3.3. Error Rate Reduction
By leveraging RAG technology to interpret data table structures and field definitions, ChatRailETL automates field mapping and type conversion, reducing error rates by over 60%.
Intelligent Data Cleansing Outcomes
Leveraging the DeepSeek model's capability to understand and learn data characteristics, ChatRailETL has achieved intelligent data cleansing with the following results:
3.4. Automated Rule Generation
ChatRailETL automatically generates appropriate cleansing rules, reducing rule creation time by over 70%.
3.5. Intelligent Anomaly Handling
The system effectively identifies and processes various types of anomalous data, improving anomaly detection accuracy by more than 50%.
3.6. Optimized Cleansing Workflow
Supporting both incremental and real-time cleansing, ChatRailETL has enhanced overall cleansing efficiency by over 60%.
Enhanced Accuracy in Metric Calculation
By leveraging DeepSeek's understanding of business logic and the precise invocation of computational functions through Function Calling technology, ChatRailETL has significantly improved the accuracy of metric calculations.
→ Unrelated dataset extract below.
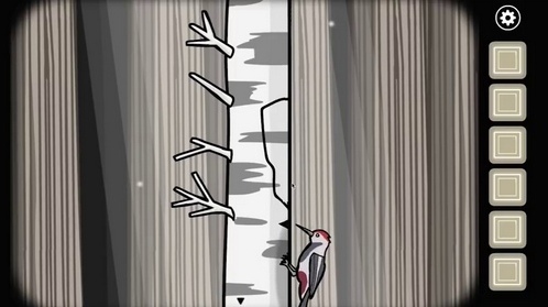5.出石室到左侧小路,查看右侧的啄木鸟,按照树枝分叉数量依次啄木,从上到下顺序为2314,得到一块棕色树皮。

This approach reduces development efforts that previously required several to dozens of person-months down to just a few person-days.
3.7. Standardized Calculation Logic
Through the establishment of unified metric calculation standards, ChatRailETL ensures consistency in computational logic, improving result consistency by over 80%.
3.8. Transparent Calculation Process
Utilizing GraphRAG technology to visualize data lineage for metrics, ChatRailETL makes the calculation process fully transparent and interpretable, enhancing explainability by more than 90%.
04 Comparison with Traditional ETL Development
To provide a clearer demonstration of ChatRailETL's advantages over traditional ETL development, we have conducted a comparative analysis across multiple dimensions:
Based on the analysis above, it is evident that ChatRailETL effectively addresses critical data processing challenges in the intelligent maintenance of railway track, signaling, and power supply systems. By reducing technical barriers, improving processing efficiency, and enhancing adaptability, the solution provides robust data support for intelligent railway equipment maintenance operations.
Conclusion
ChatRailETL, as an innovative data processing solution powered by the DeepSeek large language model, introduces new possibilities for data handling in the intelligent maintenance of railway track, signaling, and power supply systems. By adopting natural language interaction, it achieves automation and intelligence in data integration, cleansing, and metric calculation, significantly enhancing both the efficiency and quality of data processing. This next-generation approach will provide robust, data-driven support for intelligent railway maintenance operations.